Шрифт:
Интервал:
Закладка:
Обмениваясь впечатлениями о бурной почти что молодости, Грандкевич и доктор после вояжа на «зелёный» рынок наконец-то поднялись на пятый этаж. В руках Наума Аркадьевича была сетка с фруктами и букет роз. На двери тускло, но очень претенциозно мерцала латунная табличка с выгравированными инициалами хозяина и его великосветской фамилией: Н. Н. ГРАНДКЕВИЧ.
– Убери ключи. Пусть Рая сама откроет, – сказал доктор и нажал кнопку звонка.
Дверь распахнулась.
На пороге в одной ночной рубашке стояла Рая.
– Мое почтение, Раечка! Это тебе! – восхищённо воскликнул доктор и протянул сетку и розы.
– Наум? Что за фокусы?
– Я не знаю, как вы живёте, а мы живём только так!
– Наум!.. Ну, спасибо большое!.. Ну, слишком шикарно!.. Ну, ты с ума сошёл!.. Ой, я в рубахе! Наум!..
– Это прелесть! Мм-чмок!
Поймав Раину руку, доктор припечатал звонкий поцелуй.
– Боже мой! – воскликнула Рая и убежала в комнаты.
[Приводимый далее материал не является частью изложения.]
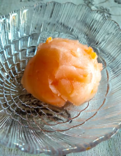 Посидев в холоде, сорбет слегка загустел, хотя остался очень мягким. Идеальный вариант для жаркого летнего дня: легкий нежирный десерт с освежающим вкусом грейпфрута без горечи.
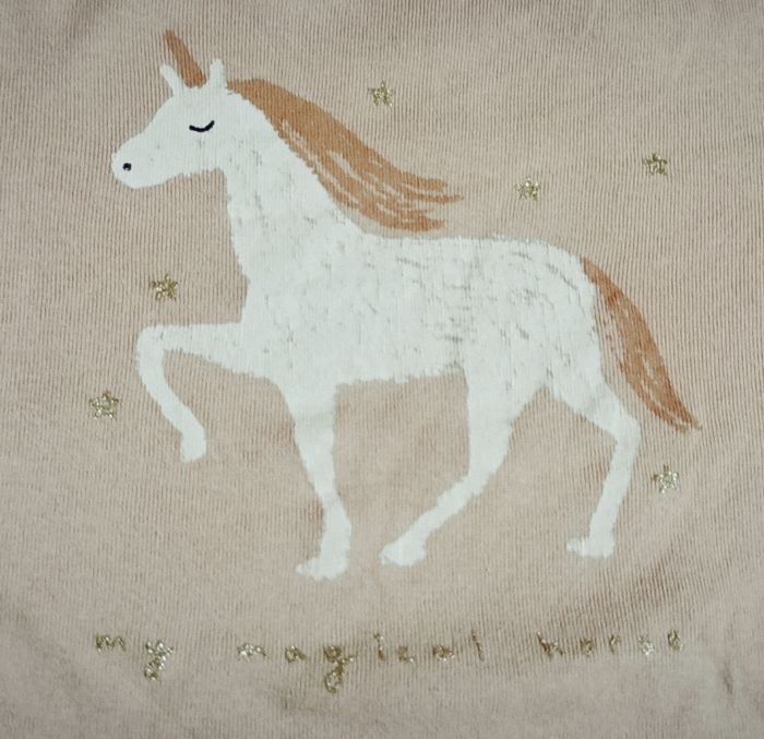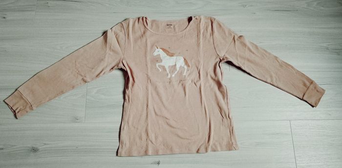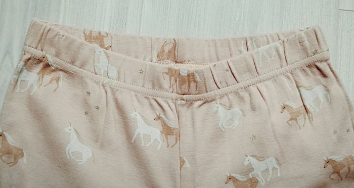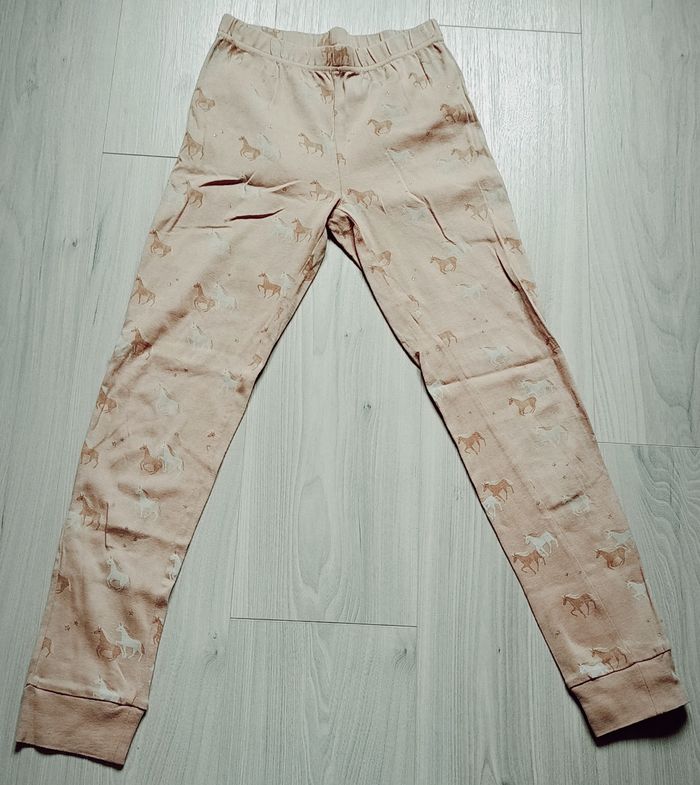 Pyjama deux pièces de couleur abricot, imprimé. - Haut à manches longues de couleur abricot. Encolure ronde. Dessin d'un cheval imprimé sur le devant avec inscription "my magical horse" en lettres dorées. Manches resserrées à leurs bases par une large bande de côtes - Pantalon de couleur abricot, imprimé de petits chevaux. Taille très élastiquée. Bas des jambes resserrés par une large bande de côtes. Marque Kiabi. Taille 14 ans (152/168 cm). N'a jamais été porté. Article neuf sans étiquette

– Лучше, конечно, без рубахи, – недовольно скривился Грандкевич.
– Тебе виднее, мучитель и самодур, – кольнул доктор и уже совсем весело пропел: – «А поутру она улыбалась пред окошком своим, как всегда!».
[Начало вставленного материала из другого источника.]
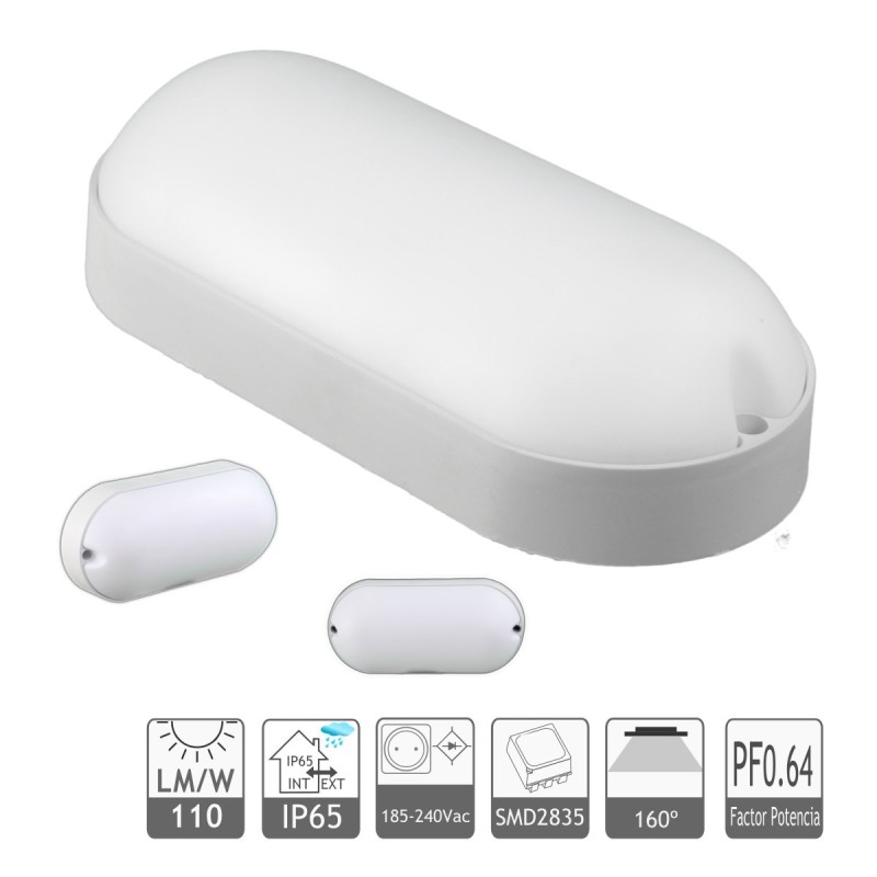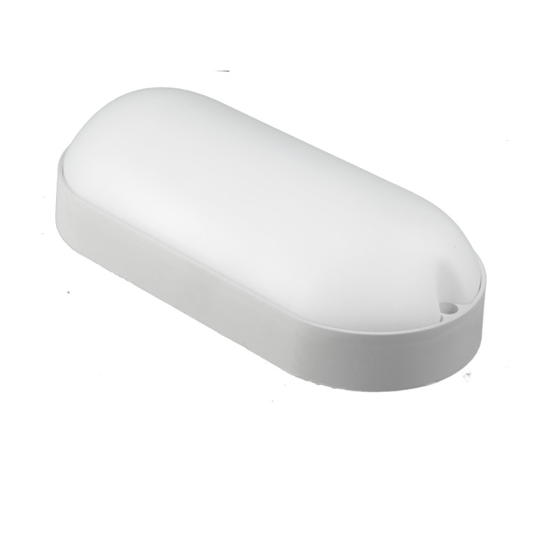 Aplique led de 15W fabricado en plástico ABS anti golpes de color blanco, para interior y exterior IP54. Forma semi oval de 21*10cm. Luz blanca fría 6000K
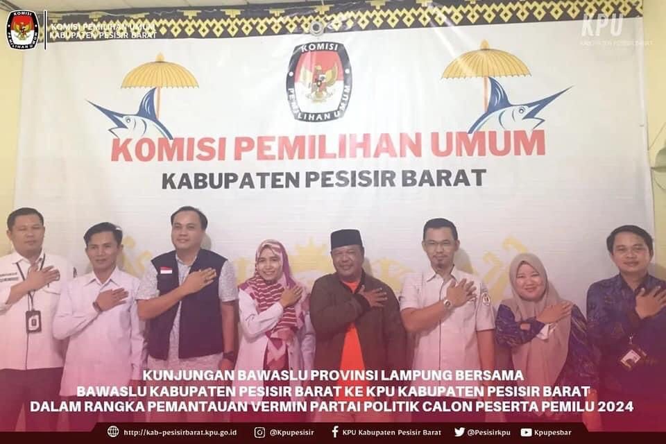 Menerima Kunjungan dari BAWASLU Provinsi Lampung Bersama dengan BAWASLU Kabupaten Pesisir Barat dalam rangka Pemantauan Terhadap Tahapan Vermin Partai Politik Calon Peserta Pemilu Tahun 2024.
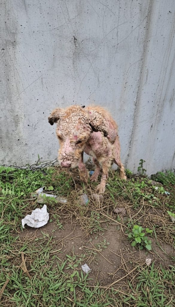 As seasons changed, the toll of neglect became impossible to hide. A severe skin condition spread across her body, leaving her constantly uncomfortable and weak. Her fur thinned until large patches of bare skin appeared, irritated and sore. Hunger hollowed out her small frame, and the strength she should have had as a young dog never fully arrived. Still, no one intervened. The person responsible chose distance over care, silence over responsibility.
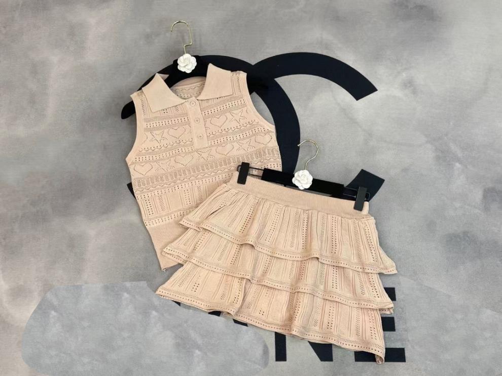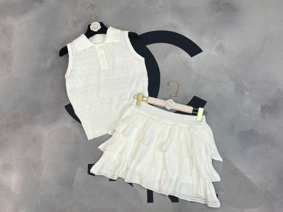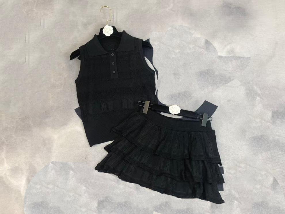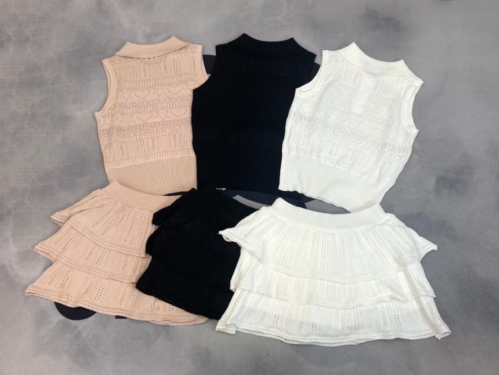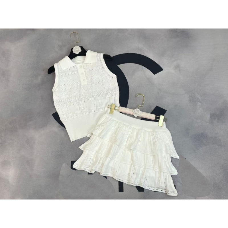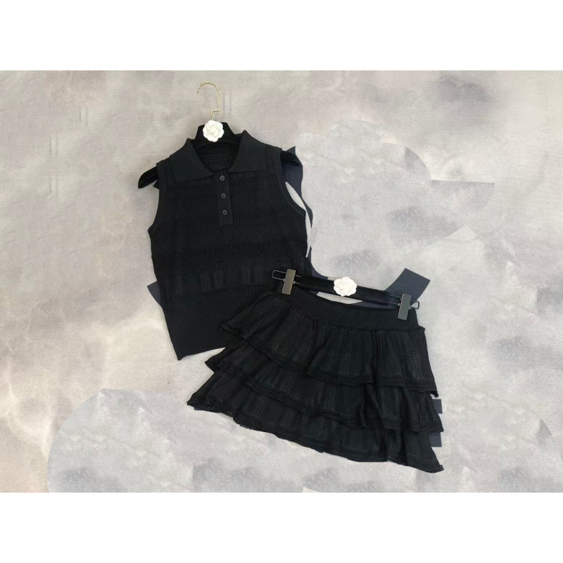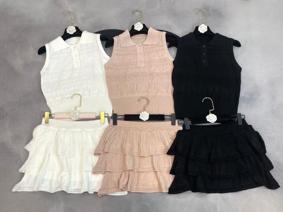 2025 새로운 여름 스타일 nn 홈 러브 할로우 민소매 라펠 풀오버 조끼 + 케이크 스커트 여성 투피스 슈트
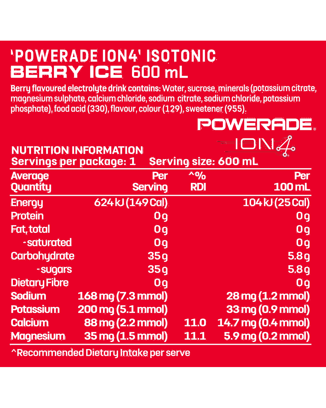 Sold by KmartPowerade ION4 Isotonic Berry Ice Sports Drink 600ml
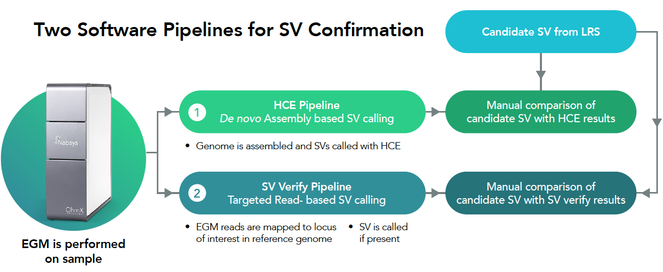 Two cloud-based software pipelines are available on Google Cloud to confirm or clarify structural variants (SVs) that require orthogonal validation. To evaluate a candidate SV, users can conduct EGM analysis on the OhmX Platform, then upload the resulting data to one or both pipelines for further analysis.

– Пошли! Пошли в кабинет… – буркнул Грандкевич и нахмурился.
Уже очень не первая, но, похоже, последняя муза-жена была значительно моложе самого творца, и это не позволяло расслабляться и окунаться в розовые иллюзии.
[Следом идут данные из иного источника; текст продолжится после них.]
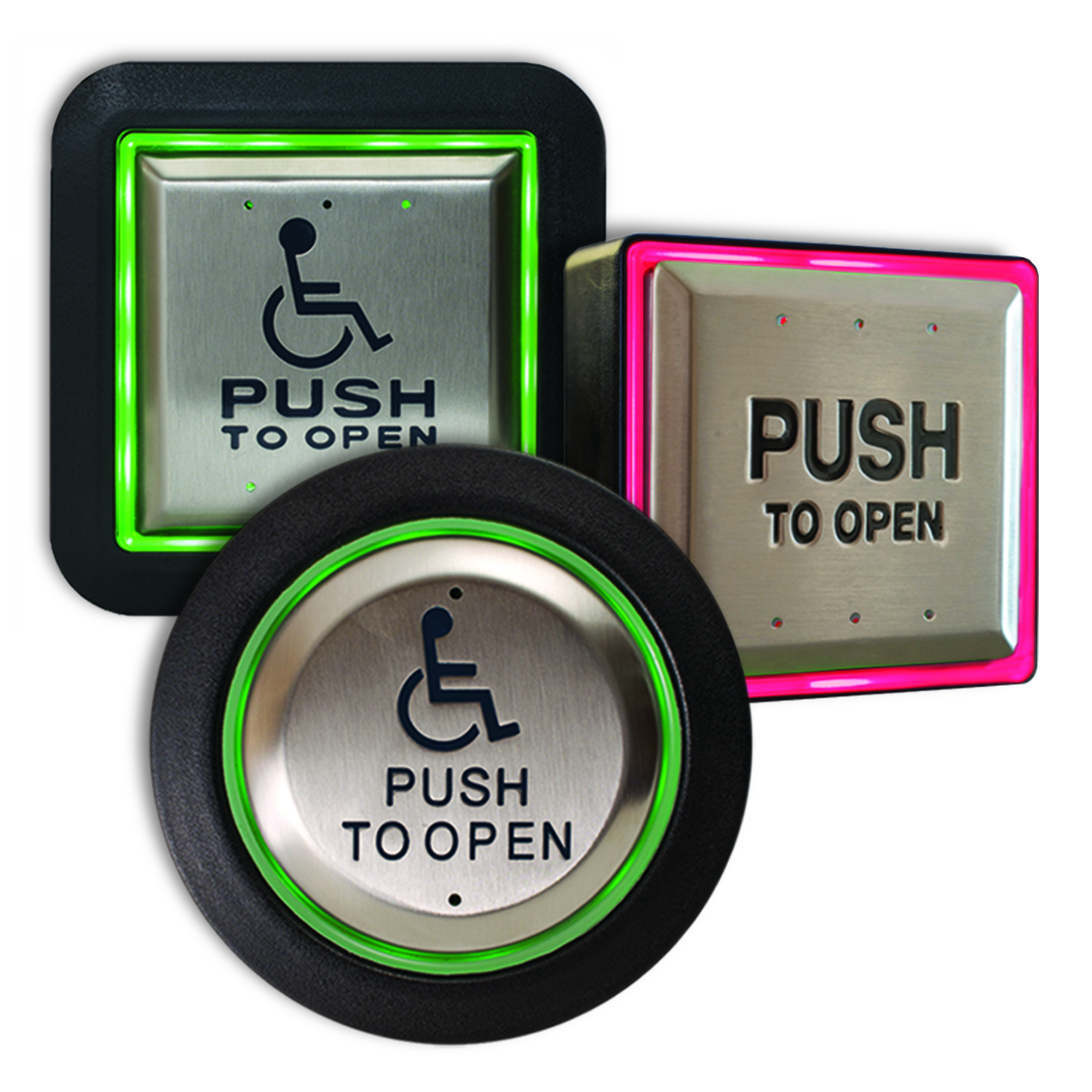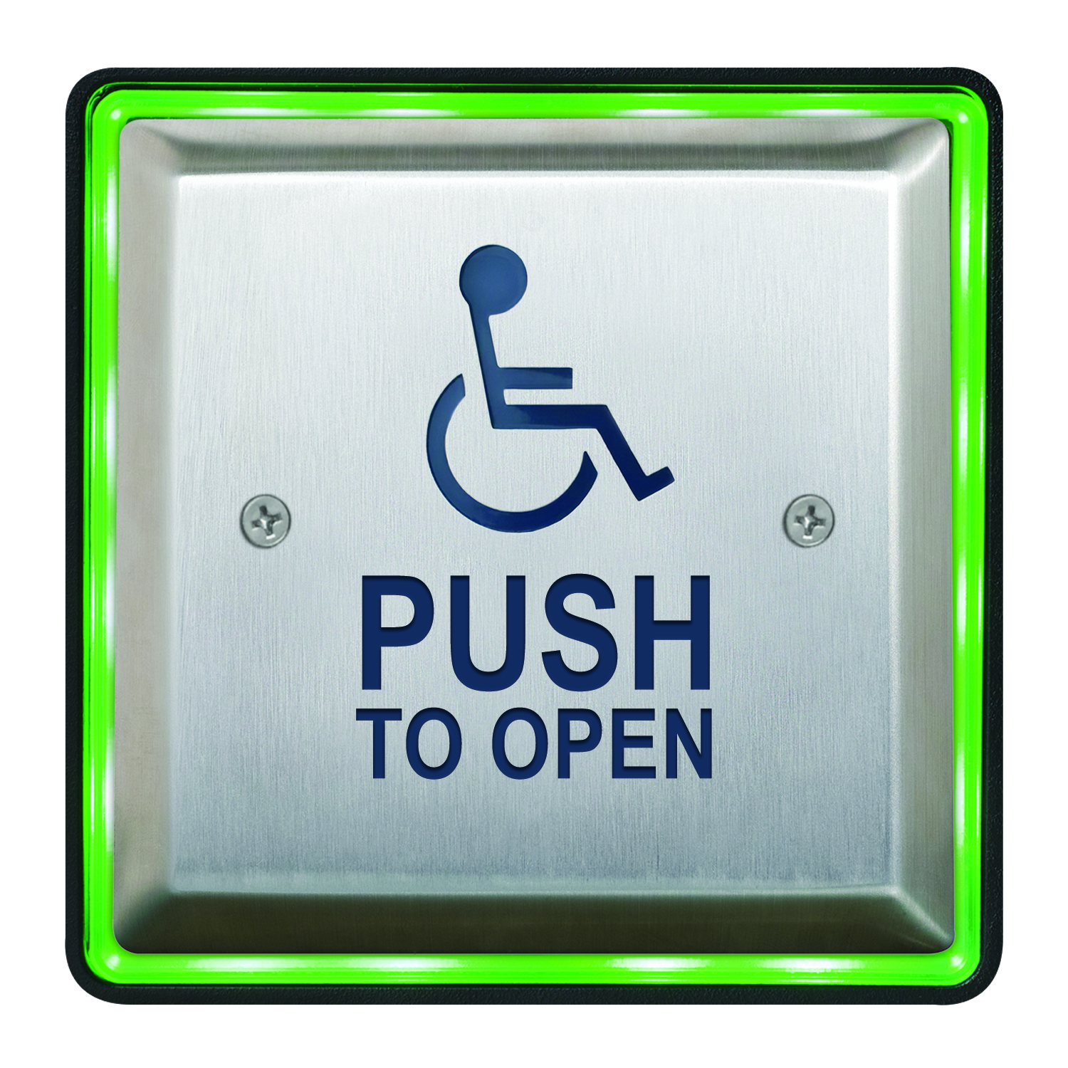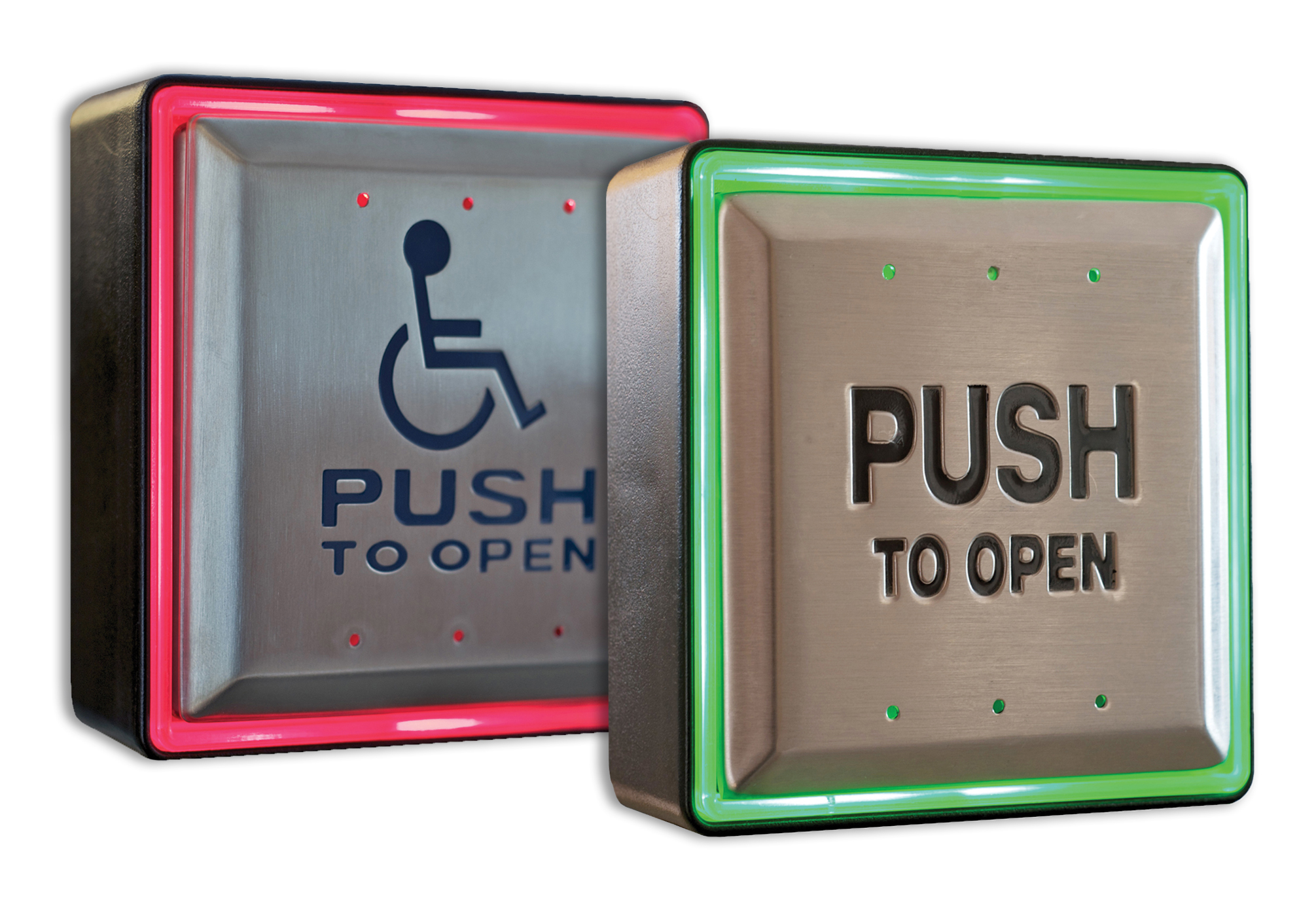 Les boîtiers de plaque de poussée éclairés Aura ™ CM-54 (carré de surface), CM-55 (carré affleurant) et CM-57 (rond affleurant) offrent une grande visibilité et une commodité accrue pour l’utilisateur dans les portes automatiques conformes à l’ADA et d’autres applications.

Кабинет представлял комнату, увешанную иконами, фресками, уникальными фотографиями, коллекциями орденов войны 1812 года, деталями военного обмундирования всех полков, участвовавших в той достопамятной заварухе, стеллажами редчайших букинистических наборов и стоящих прямо на полу в определенном эстетическом беспорядке колокольчиков и колоколов, обозначенных в воспоминаниях как «дар Валдая». Этих и подобных «даров», зачастую уже откровенно археологических, было столько, что можно было только посочувствовать тому, кто регулярно стирал с них пыль веков.
Письменный стол тоже был завален. Лишь в центре его чернела маленькая полынья, в которой, как бы случайно, алело удостоверение внештатного корреспондента «Вечерней Алма-Аты» и вызывающе белела стопка чистых листов. По правую сторону от удостоверения солидно возвышалась гора из библиографических редкостей, а по левую, прямо на полу, грозно застыл бронзово-медный эскорт индийских богов и богинь с совершенно мистическими улыбками, свирепостью и равнодушием на лицах.
– Николай, как твое здоровье в этой скобяной лавке? – невольно спросил доктор, когда был втиснут куда-то и между антикварным чем-то.
– Нормально! Тебе насрать, но хорошо! – резко ответил Грандкевич.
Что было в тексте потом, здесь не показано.